> [Action item]:
Only some lines are wanted. Transcribe, exactly, the lines below from the line with "Gewebte Etikette | woven label" up to and including the line with "Unidad de lente inclinable".

:: Data to process ::

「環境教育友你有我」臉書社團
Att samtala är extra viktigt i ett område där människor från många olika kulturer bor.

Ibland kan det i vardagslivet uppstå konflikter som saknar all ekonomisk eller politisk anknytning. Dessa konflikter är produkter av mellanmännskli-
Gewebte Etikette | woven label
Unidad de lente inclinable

:::
:: Data to process ::

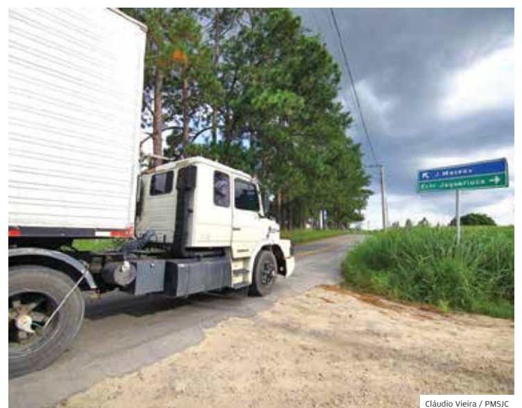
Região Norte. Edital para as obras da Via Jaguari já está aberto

:::

> [Your response]:
Gewebte Etikette | woven label
Unidad de lente inclinable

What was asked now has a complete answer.